> **Supplied material**:
▼

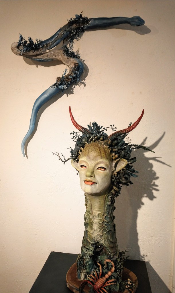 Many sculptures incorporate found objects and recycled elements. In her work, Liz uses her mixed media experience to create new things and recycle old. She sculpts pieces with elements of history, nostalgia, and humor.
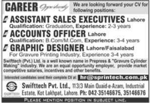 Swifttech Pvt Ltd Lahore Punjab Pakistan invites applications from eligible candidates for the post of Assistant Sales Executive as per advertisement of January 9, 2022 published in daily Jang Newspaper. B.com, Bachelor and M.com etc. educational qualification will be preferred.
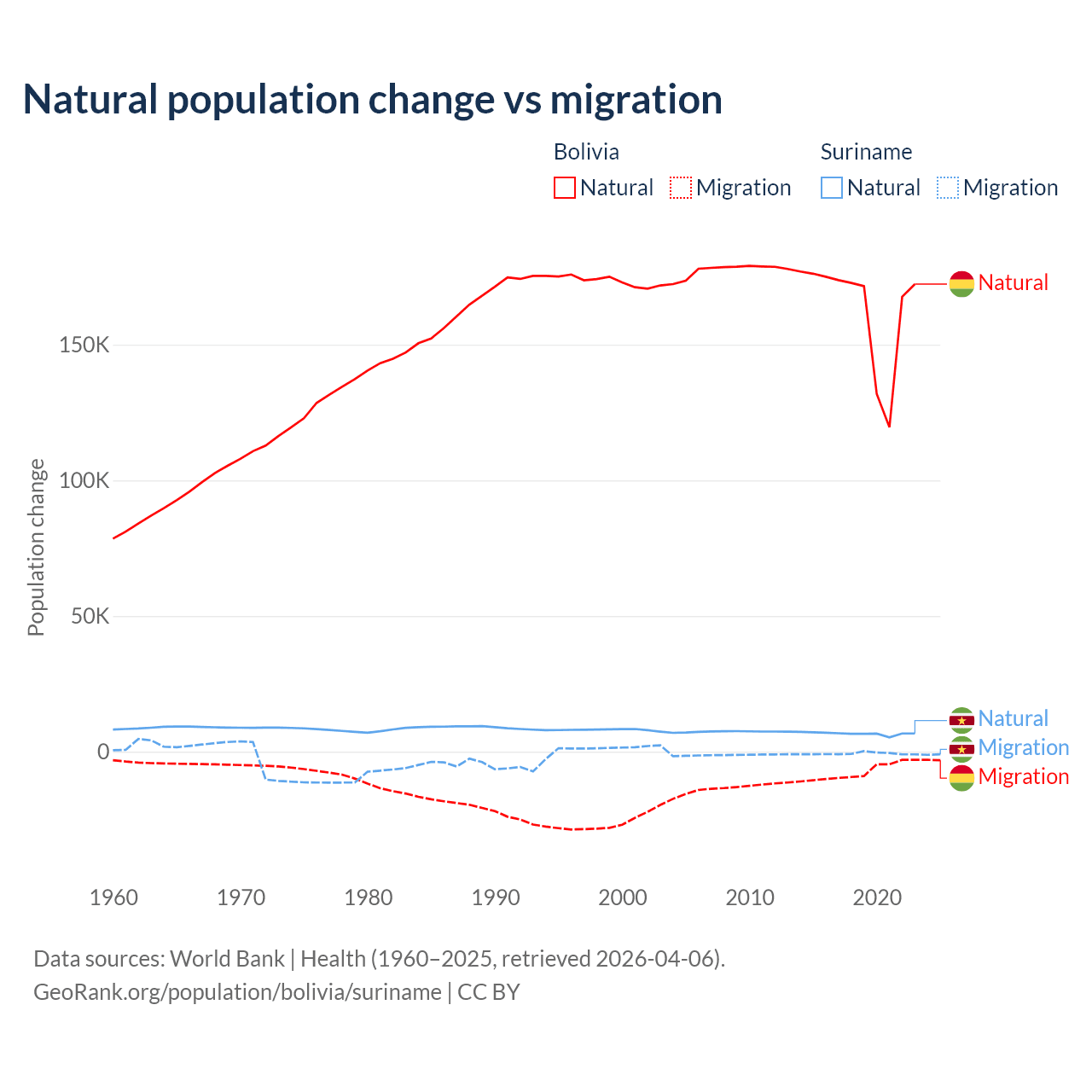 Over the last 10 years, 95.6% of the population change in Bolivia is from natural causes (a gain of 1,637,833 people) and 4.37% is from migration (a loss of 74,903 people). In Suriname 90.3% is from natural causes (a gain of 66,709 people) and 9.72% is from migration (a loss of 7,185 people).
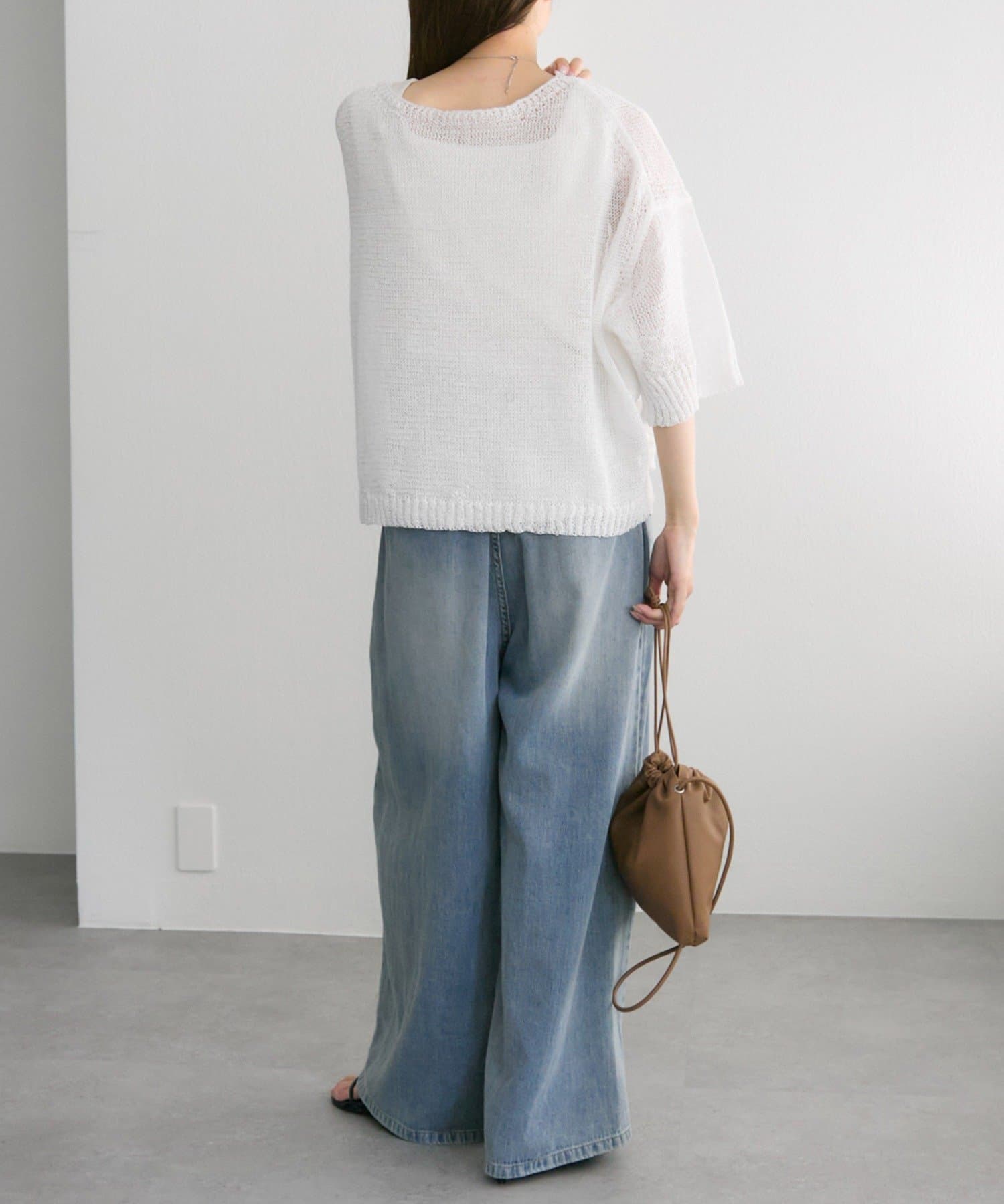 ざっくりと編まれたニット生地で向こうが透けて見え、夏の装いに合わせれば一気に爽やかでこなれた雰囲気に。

▲

Write out the lines of the material above exactly, from its first line through the line that contains "Over the last", so that no picture appears in the copy.

 Many sculptures incorporate found objects and recycled elements. In her work, Liz uses her mixed media experience to create new things and recycle old. She sculpts pieces with elements of history, nostalgia, and humor.
 Swifttech Pvt Ltd Lahore Punjab Pakistan invites applications from eligible candidates for the post of Assistant Sales Executive as per advertisement of January 9, 2022 published in daily Jang Newspaper. B.com, Bachelor and M.com etc. educational qualification will be preferred.
 Over the last 10 years, 95.6% of the population change in Bolivia is from natural causes (a gain of 1,637,833 people) and 4.37% is from migration (a loss of 74,903 people). In Suriname 90.3% is from natural causes (a gain of 66,709 people) and 9.72% is from migration (a loss of 7,185 people).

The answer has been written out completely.